Vegetation can also be sensitive to increases in acidity. Increases in soil acidity can deplete the nutrients in the soil that plants need to grow. As well, increases in soil acidity can set off a number of chemical reactions that end up causing aluminum and other harmful metals to be released. 



Climate change – carbon dioxide

Carbon dioxide is a greenhouse gas. "Greenhouse gases" are atmospheric gases, which, despite their very low concentrations, cause the surface temperature of Earth to increase.  This is one of the substantial contributors to global climate change.

Naturally occurring greenhouse gases such as carbon dioxide make conditions on Earth suitable for life. However, the rapid increase in greenhouse gas emissions attributed to human activity has already had damaging effects on Earth’s climate, which are anticipated to become more severe as emissions increase. In terms of human health, likely impacts of atmospheric warming include freshwater shortages and compromised food supply. The number of days each year in warm climates, where temperatures exceed safe levels for humans is increasing.  It is anticipated that warmer temperatures will enable disease-carrying insects to expand their habitats. As a result, illnesses such as malaria, yellow fever, and sleeping sickness may become present in areas that haven’t been severely affected before.

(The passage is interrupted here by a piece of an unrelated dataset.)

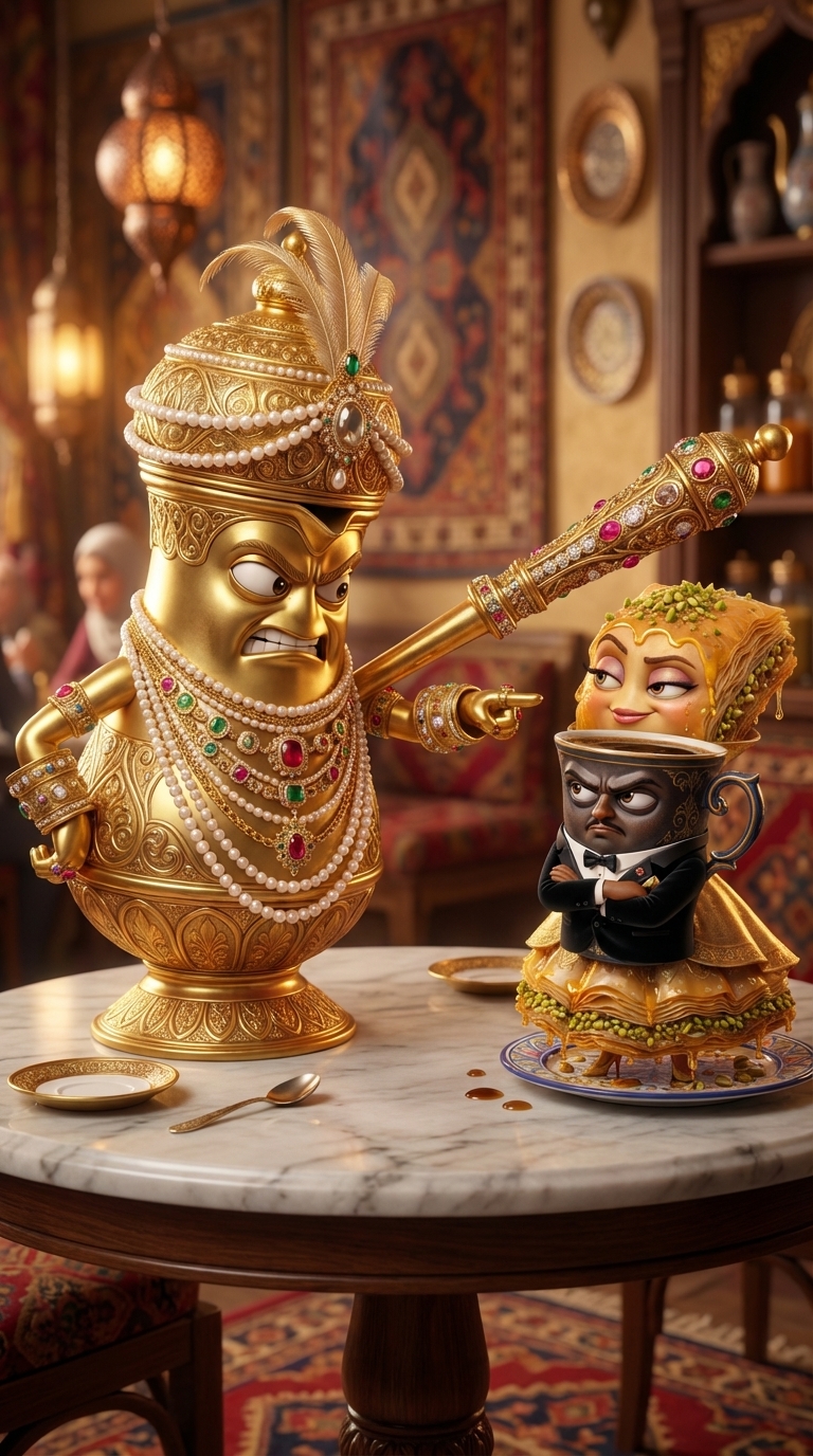 Strong rule: style --- 3D Pixar ---. The Golden Cezve mother stands furiously on the table, pointing an angry handle at the cup. Next to ...

Learn the chemistry behind greenhouse gases and our changing climate
The sun is the primary source of energy for Earth’s climate. An energy balance results from the amount of incoming solar energy, and the energy sent back into space by reflection from atmospheric and surface features, and radiation of energy from Earth in the infrared region of the spectrum. Greenhouse gases are substances in the atmosphere that absorb infrared radiation at the wavelengths at which Earth emits infrared radiation back into space. While greenhouse gases are produced both by natural processes and human activity, the large increase in the atmospheric concentrations of greenhouse gases such as carbon dioxide, methane, chlorofluorocarbons, and nitrous oxide since the industrial revolution is changing Earth’s energy balance. Our planet is warming as a result. To learn more about the chemistry behind our changing climate visit www.explainingclimatechange.com.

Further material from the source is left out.